Teen Logano replaces two-time Sprint Cup champion

  • By Mike Harris Associated Press
  • Friday, February 6, 2009 10:01pm
  • SportsSports

DAYTONA BEACH, Fla. — When Joey Logano was just 14, longtime Cup star Mark Martin was ready to race him.

They’ll get to do that plenty this year as the 18-year-old begins his first full season in NASCAR’s Sprint Cup series.

Logano is replacing two-time Cup champion Tony Stewart in Joe Gibbs Racing’s No. 20 Toyota.

Stewart is about to make a debut of his own, competing at Daytona for the first time as owner/driver for Stewart-Haas Racing. But he likes JGR’s choice to take over the seat he had for the last 10 years.

“I feel like Joey is ready,” Stewart said earlier this week. “For his age, he’s a very smart kid and a very good race car driver. I don’t think he’s going to have any trouble getting used to this series and he’s got a team and definitely a crew chief that’s got a lot of experience. He’s got all the tools in place that he needs to be good.”
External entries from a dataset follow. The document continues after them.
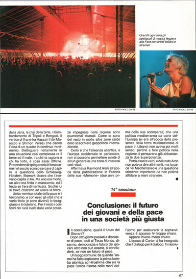 Dopo otto giorni passati a discutere di pace, aiuti al Terzo Mondo, disarmo, democrazia e futuro dei giovani altro non può essere, si concluderà, se non un futuro di pace.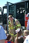 Andrew Akers, Brent Endsley and Zack Mills were the city firemen who brought the fire truck and smoke house to Safety City. Akers said he feels showing the children what firemen look like in full gear is important so they know not to be scared when the children see them. “The more they see us in gear, the less scared they will be. And they will know what to expect when we arrive at a fire.”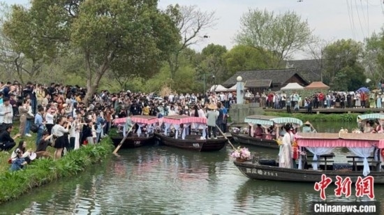 為了給游客提供更多元化的傳統(tǒng)文化體驗(yàn),此次花朝節(jié)期間,游客除了入園踏春賞花外,還可以拍攝綠堤上的美陳展示、看三深大會(huì)堂里的漫畫展、逛蔣村慢生活街區(qū)的文創(chuàng)市集和河渚街的花朝市集、體驗(yàn)搖櫓船上的“宋韻花朝”套餐等,更可以在每個(gè)周末及節(jié)假日下午,與春天代言人“賣花郎”互動(dòng)、跟著美麗的花神巡游、參與西溪水鄉(xiāng)婚禮互動(dòng)表演,解鎖春日限定的浪漫。(王題題)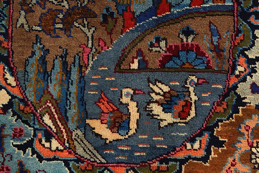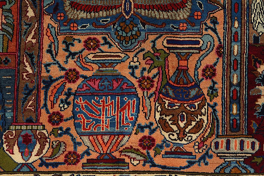 Tapis Kashmar: La ville Kasmar se trouve à la région Khorasan au sud ouest de la ville Mashad en Iran d’est. Elle a une très grande histoire et son ancien nom est Torshiz. Ici des tapis excellents d’une qualité très élevée sont tissés pendant des siècles. Les tapis sont tissés de façon épaisse avec une laine douce fine à des belles couleurs du bleu ciel par opposition du crème et du beige d’ivoire. Ils utilisent du vert clair, du rouge et du marron aux tapis modernes. Les caractéristiques des tapis Kashmar sont les grandes tailles et les dessins uniques qui sont comme des tableaux de peinture avec des arbres, des fleurs et des coupoles du minaret. Aussi ils ont des répresentations des évenements historiques importants de l’histoire de Perse ou d’un homme historique connu ou de l’histoire d’un roi persan très respecté. À Kashmar ils tissent des chefs d’œuvres élégants avec de l’harmonie de couleurs, de la complexité des dessins avec des détails pour montrer l’amour des Perses pour la beauté et l’art. Les tapis Kashmar sont résistants et en vieillisant ils deviennent de plus en plus beaux.

Logano, who will be the youngest driver to race in the Daytona 500, wasn’t even allowed to drive in a NASCAR-sanctioned series until last May, when he turned 18.

He drove in a Nationwide Series event just seven days after his birthday, starting ninth and finishing sixth. He won the pole at his second race, then won in his third.

The phenom went on to win two more poles and post five top-fives and 14 top-10s in 19 races in NASCAR’s second-tier series.

None of that success is very surprising.

Word of the multitalented youngster began reaching NASCAR’s highest series when Logano was a 12-year-old racing — and beating — much older drivers in late model sports cars.

“I’m certain that he will be a Cup champion, so my biggest concern was for him to stay humble, because when you’re as good as he is it’s not always easy,” Martin said. “He appears to be hanging on to that fairly well. I was very proud of him in his recent interviews. He appeared to be humble, and that’s not always easy.”

The Sprint Cup is a different level of racing, but competing against older, more experienced drivers is just business as usual for Logano.

“The way I look at it, I started off so young and I kept moving up at a really young age, maybe when I wasn’t quite ready,” he said. “When I moved to Late Models, maybe I wasn’t quite ready at 12 years old. I think that has made me improve and made me better.

“Racing against someone that is better than you is the only way that you’re going to learn. … Coach (team owner Joe Gibbs) and (team president) J.D. (Gibbs) feel I’m ready for it. It’s another learning curve that I’m going to have to go through.”

Logano says the best advice he has gotten so far came from the Gibbs family.

“They said just go out there, work hard, do your best, but have fun with it,” Logano said. “It’s a long season. If you’re to beat yourself up every time, you’re going to end up killing yourself. You have to have fun.”

Logano has three Cup races already on his resume from last year, finishing no better than 32nd. But that exposure to NASCAR’s top competitors at least gave him an idea what to expect.

“I think those races helped me out a lot, both on and off the track, learning what you need to do with all that stuff, getting used to how long the races are, when to race and not to race, how to race,” Logano said. “It was a humbling experience, that’s for sure.”

The fun will begin for Logano on Saturday when he runs the season-opening ARCA race and NASCAR’s Budweiser Shootout, a made-for-TV invitational race that will feature a record field of 28 Cup cars. He qualified third for the ARCA race and drew the 19th spot in the Shootout.

He’s looking forward to getting some experience in the draft on Daytona’s high-banked 2.5-mile oval.

“When they told me I was going to be in the Shootout, I was like, ‘Great!’ All the top dogs around me. … It’s going to be good for me to get that experience, get out there and gain some respect from those guys,” Logano said. “Maybe I can get some partners for the 500.”